Availability: Early Access
Note

Kits are experimental. The kit file format, CLI commands, and experience for creating, loading, and managing kits are subject to change as the feature evolves. Share feedback and bug reports in the docker/sbx-releases repository.

This page documents every field in a kit's spec.yaml. For an overview of what kits are and how to use them, see Kits.
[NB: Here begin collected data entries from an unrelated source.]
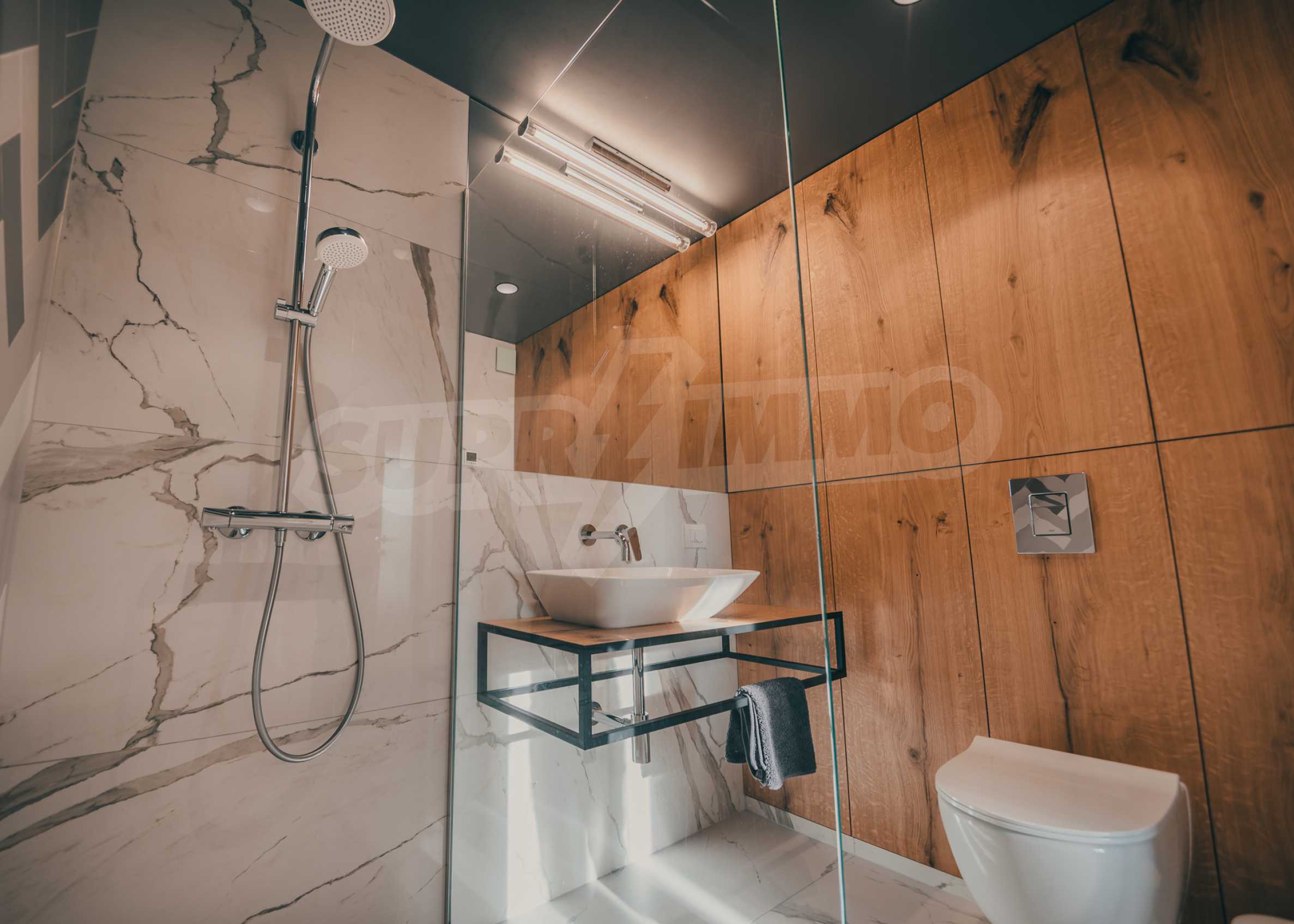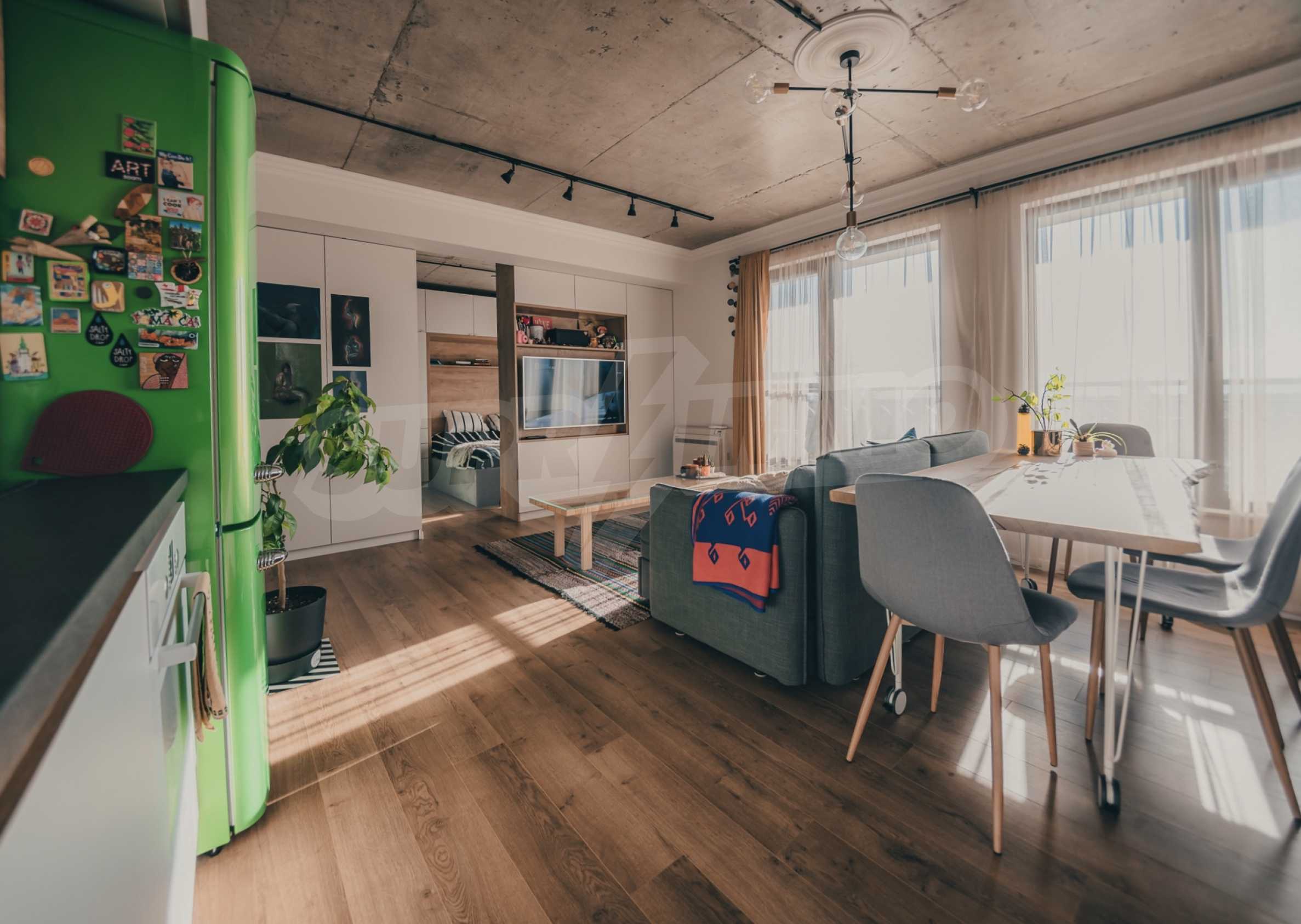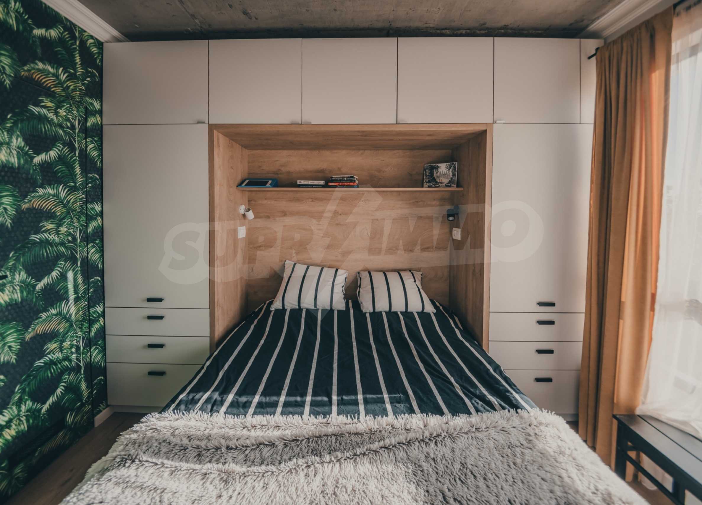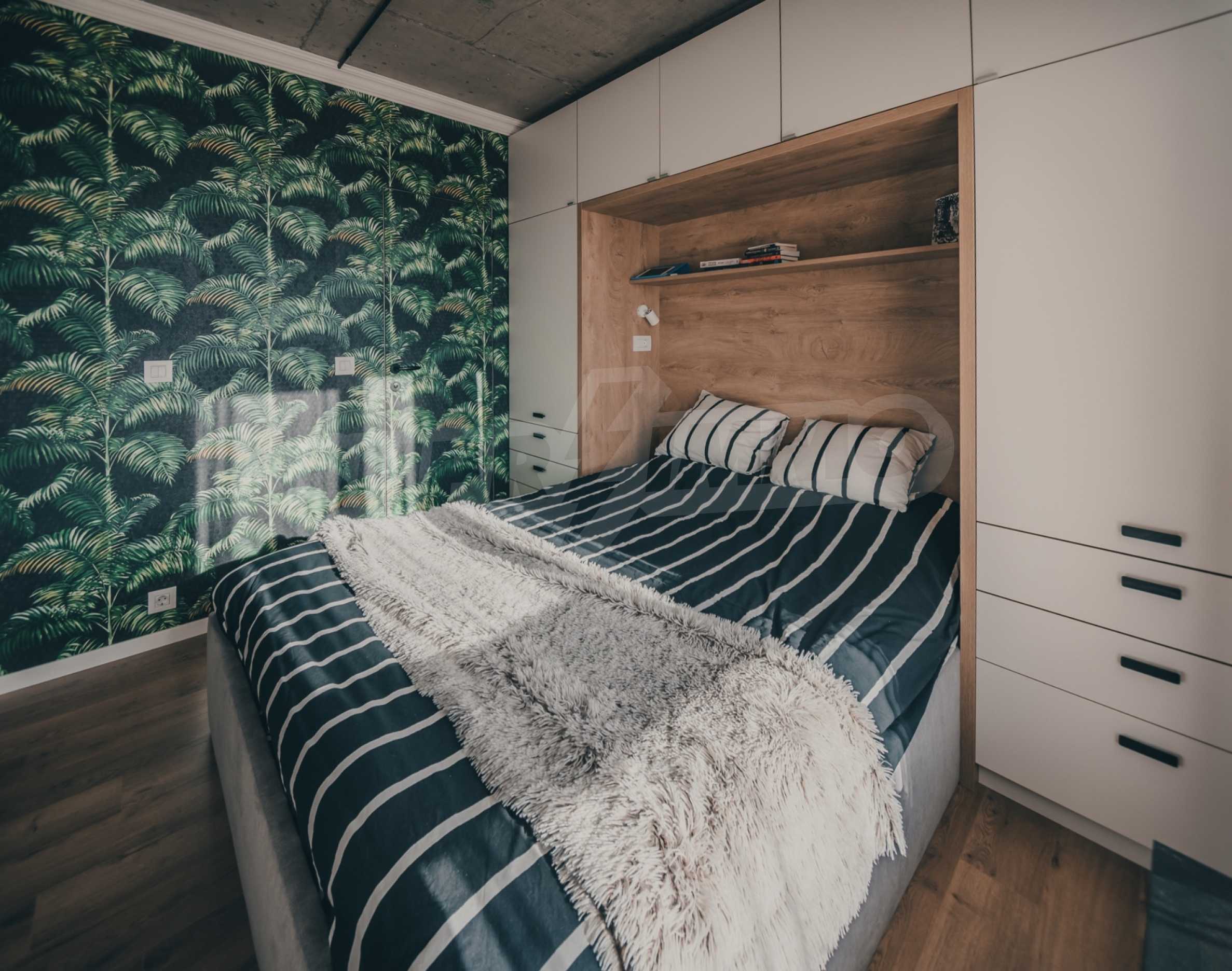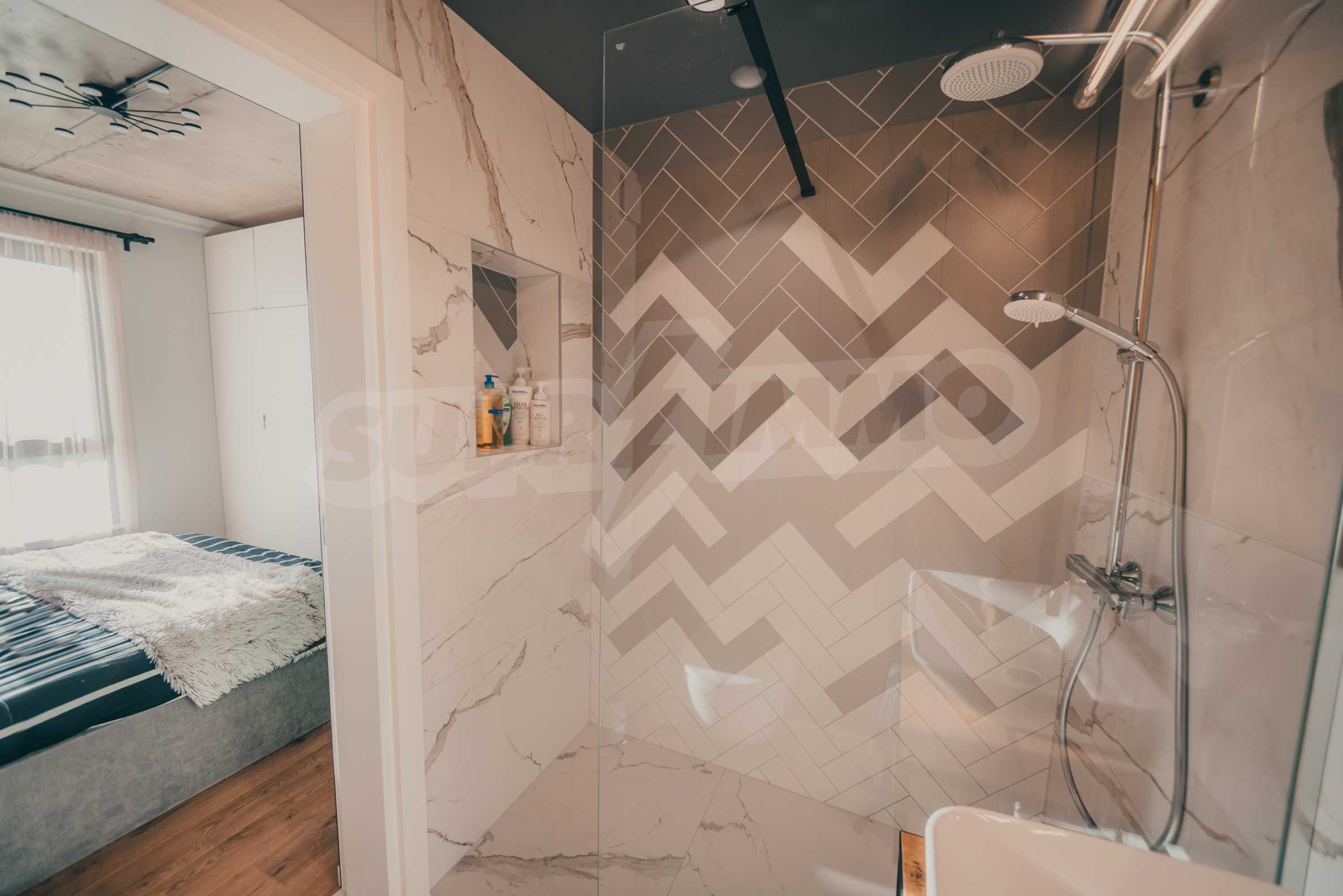 The modern apartment is located on the fifth floor of eight, it is average, with favorable exposure - south. From its living room there is an exit to a terrace of 17.32 m2.
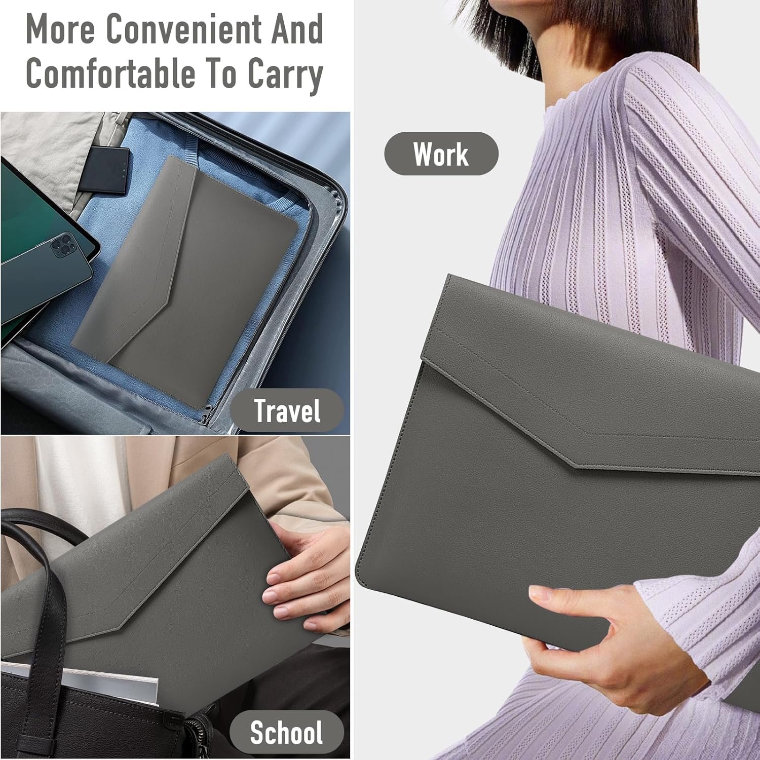 3.【Premium Material】This laptop bag combines: 1. Premium PU leather exterior: Waterproof, stain-resistant and scratch-resistant. 2. Thick and soft plush inner lining: absorbs impacts and prevents chafing. 3. DUAL MAGNETIC CLOSURE – Two magnets make it easy to open/close with one hand.
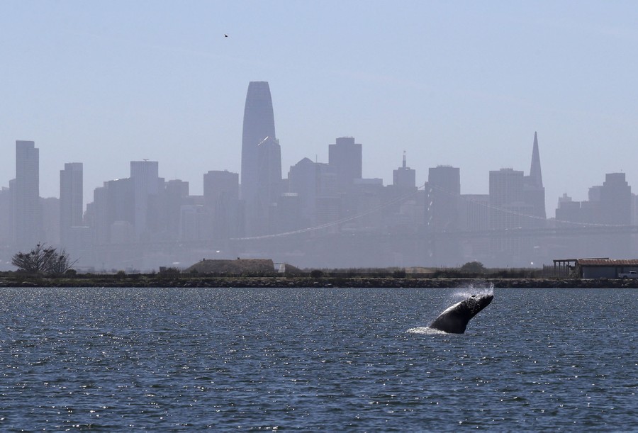 Read moreA humpback whale breaches in a lagoon in Alameda, California, on June 4, 2019. Scientists are concerned about the whale, which has been swimming in a lagoon off the San Francisco Bay for more than a week. According to the Marine Mammal Center, the whale appears to be unhealthy and is likely malnourished. #
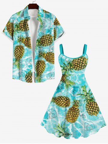 Graphic Dresses > Plus Size Pineapple Skull Lightning Print Hawaii Tank Dress
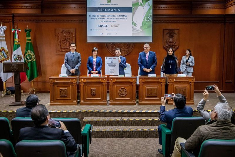 Toluca, Méx., 12 de noviembre de 2024. — La Universidad Autónoma del Estado de México (UAEMéx) recibió un reconocimiento de la empresa EBSCO por ser la primera universidad en México en implementar el sistema de administración bibliotecaria Folio. Este sistema permite gestionar y optimizar los recursos tecnológicos para la consulta académica y científica, impulsando el acceso rápido y sencillo a una extensa colección de información.
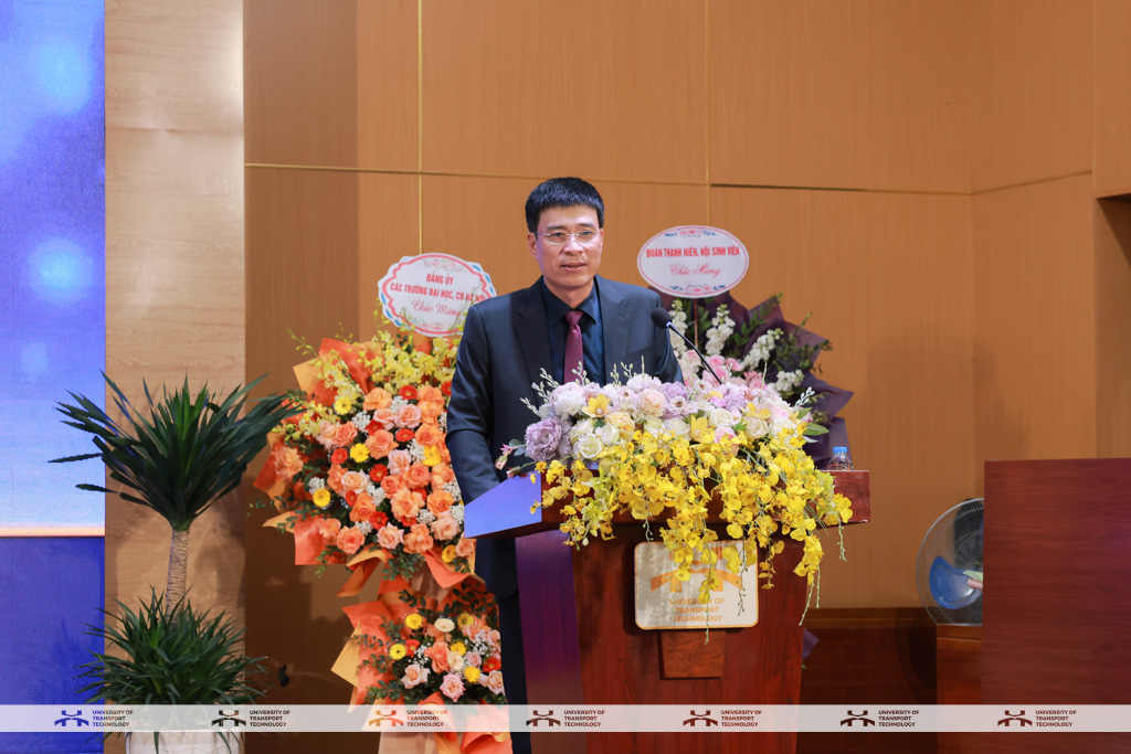 Phát biểu nhận nhiệm vụ, PGS.TS. Nguyễn Hoàng Long - Hiệu trưởng Nhà trường bày tỏ niềm vinh dự và trách nhiệm khi được tin tưởng giao trọng trách; đồng thời khẳng định sẽ cùng tập thể Đảng ủy, Ban Giám hiệu phát huy truyền thống đoàn kết, đổi mới quản trị theo hướng tự chủ, đẩy mạnh chuyển đổi số, tập trung đào tạo nguồn nhân lực chất lượng cao cho các lĩnh vực trọng điểm, xây dựng Trường Đại học Công nghệ GTVT phát triển bền vững.
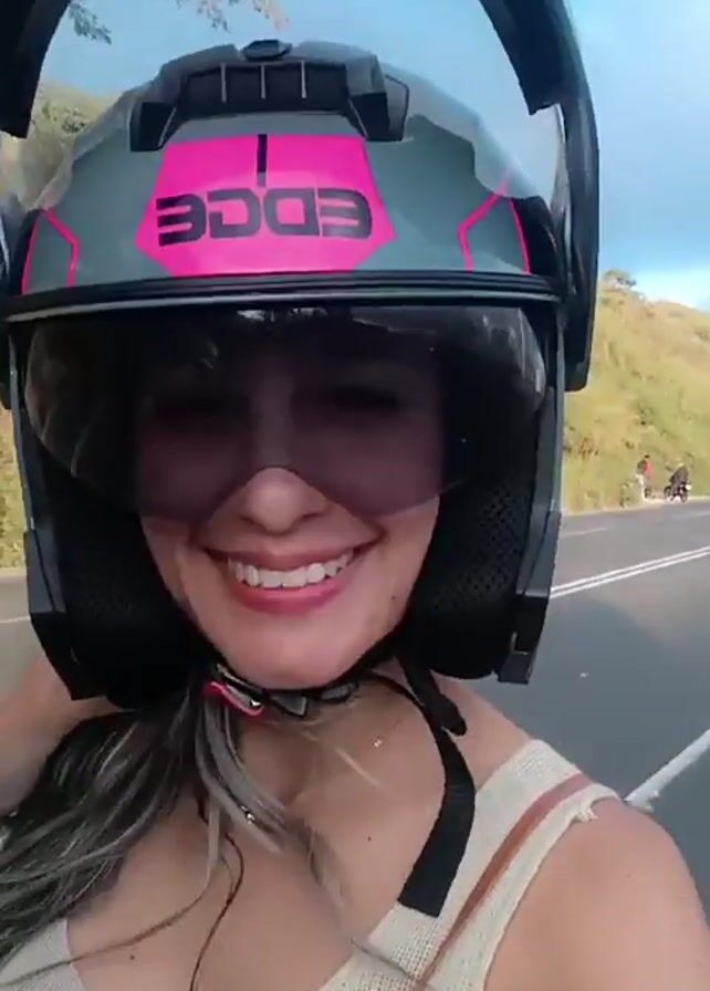 A young woman wearing a beige tank top and a grey and pink motorcycle helmet is riding on the back of a motorcycle on a paved road. The helmet has the word "EDGE" written on it in pink letters. She is smiling and looking at the camera. The road is lined with trees and hills. The driver of the motorcycle, a man with dark hair, is wearing a green shirt and a similar helmet. The motorcycle is moving on the road.
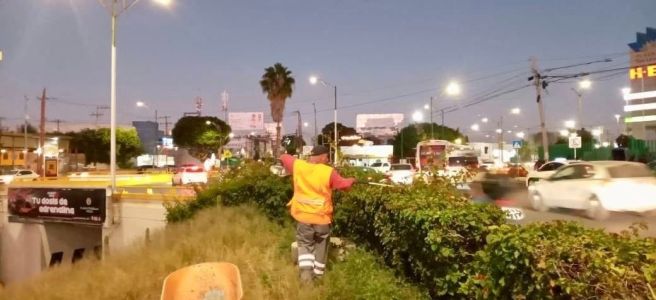 En una estrategia para evitar afectaciones al tránsito diario, personal de Servicios Municipales del Ayuntamiento de San Luis Capital realizó trabajos de mantenimiento durante la noche. Uno de ellos en la glorieta González Bocanegra con tareas de deshierbe, recolección de basura, ornamentación y cuidado general de las áreas verdes.
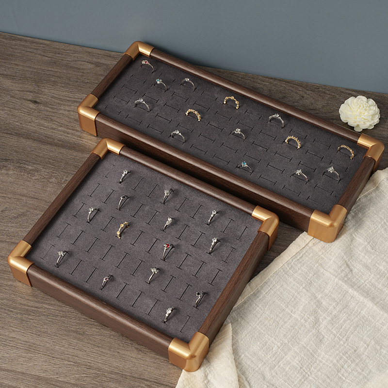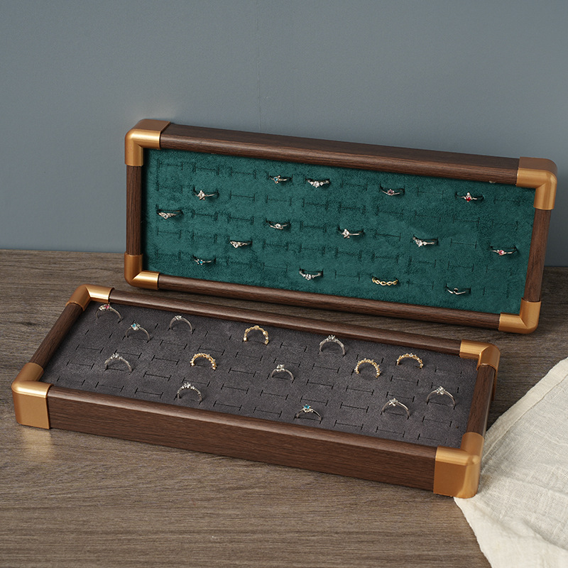 Wooden Ring Display Tray Jewelry Organizer Storage Tray Earring Stud Velvet Storage Box Wholesale Jewelry Stand Solid Wood

A kit directory has a required spec.yaml and an optional files/ tree:

my-kit/
├── spec.yaml       # required
└── files/          # optional — static files to inject
    ├── home/
    └── workspace/

Changelog

Renamed fields are still accepted for backward compatibility, but sbx kit validate reports a deprecation warning for each, and a future release may stop accepting them. Update kits to the current names.

v0.32.0

The following spec.yaml fields were renamed:

PreviousCurrent
memoryagentContext
kind: agentkind: sandbox
agent: blocksandbox: block

The per-kit directory was also renamed from kits-memory/ to kits-agent-context/. An existing kits-memory/ directory is migrated automatically the next time the sandbox starts.

Top-level fields

schemaVersion: "1"
kind: <mixin | sandbox>
name: <name>
displayName: <name>
description: <text>
FieldRequiredDescription
schemaVersionYesSpec schema version. Set to "1".
kindYesmixin for kits that extend an agent; sandbox for kits that define one.
nameYesUnique identifier. Lowercase, alphanumeric, hyphens.
displayNameNoHuman-readable name.
descriptionNoShort description.

The sections below apply to both kinds. Sandbox kits also declare a sandbox: block.

Credentials

credentials:
  sources:
    <service-id>:
      env: [<env-var>, ...]
      file:
        path: <path>
        parser: <parser>
      priority: <env-first | file-first>
FieldDescription
sourcesMap of service identifier to credential source.
sources.<id>.envEnvironment variables to read on the host, in priority order.
sources.<id>.file.pathPath on host. ~ expands to home directory.
sources.<id>.file.parserHow to extract the credential value from the file.
sources.<id>.priorityenv-first (default) or file-first.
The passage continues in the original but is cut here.